A Novel Aromatic-Ring-Hydroxylating Dioxygenase from the Diterpenoid-Degrading Bacterium Pseudomonas abietaniphila BKME-9

Vincent J. J. Martin and William W. Mohn*

Department of Microbiology and Immunology and Pulp and Paper Center, University of British Columbia, Vancouver, British Columbia V6T 1Z3, Canada

Received 27 October 1998/Accepted 16 February 1999

Pseudomonas abietaniphila BKME-9 is able to degrade dehydroabietic acid (DhA) via ring hydroxylation by a novel dioxygenase. The ditA1, ditA2, and ditA3 genes, which encode the alpha  and beta  subunits of the oxygenase and the ferredoxin of the diterpenoid dioxygenase, respectively, were isolated and sequenced. The ferredoxin gene is 9.2 kb upstream of the oxygenase genes and 872 bp upstream of a putative meta ring cleavage dioxygenase gene, ditC. A Tn5 insertion in the alpha  subunit gene, ditA1, resulted in the accumulation by the mutant strain BKME-941 of the pathway intermediate, 7-oxoDhA. Disruption of the ferredoxin gene, ditA3, in wild-type BKME-9 by mutant-allele exchange resulted in a strain (BKME-91) with a phenotype identical to that of the mutant strain BKME-941. Sequence analysis of the putative ferredoxin indicated that it is likely to be a [4Fe-4S]- or [3Fe-4S]-type ferredoxin and not a [2Fe-2S]-type ferredoxin, as found in all previously described ring-hydroxylating dioxygenases. Expression in Escherichia coli of ditA1A2A3, encoding the diterpenoid dioxygenase without its putative reductase component, resulted in a functional enzyme. The diterpenoid dioxygenase attacks 7-oxoDhA, and not DhA, at C-11 and C-12, producing 7-oxo-11,12-dihydroxy-8,13-abietadien acid, which was identified by 1H nuclear magnetic resonance, UV-visible light, and high-resolution mass spectrometry. The organization of the genes encoding the various components of the diterpenoid dioxygenase, the phylogenetic distinctiveness of both the alpha  subunit and the ferredoxin component, and the unusual Fe-S cluster of the ferredoxin all suggest that this enzyme belongs to a new class of aromatic ring-hydroxylating dioxygenases.

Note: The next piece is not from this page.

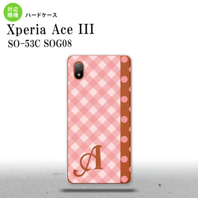 SO-53C SOG08 ワイモバイル Xperia Ace III スマホケース 背面ケース ハードケース チェック ドット ピンク +アルファベット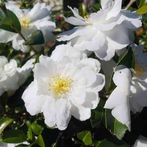 山茶花 🤍富士の峰🤍 肩を寄せ合い、仲良く笑ってるような〜 可憐な🤍白い山茶花に出会えました

* Corresponding author. Mailing address: Department of Microbiology and Immunology, University of British Columbia, 300-6174 University Blvd., Vancouver, B.C., Canada V6T 1Z3. Phone: (604) 822-4285. Fax: (604) 822-6041. E-mail: wmohn{at}interchange.ubc.ca.


Journal of Bacteriology, May 1999, p. 2675-2682, Vol. 181, No. 9
0021-9193/99/$04.00+0
Copyright © 1999, American Society for Microbiology. All rights reserved.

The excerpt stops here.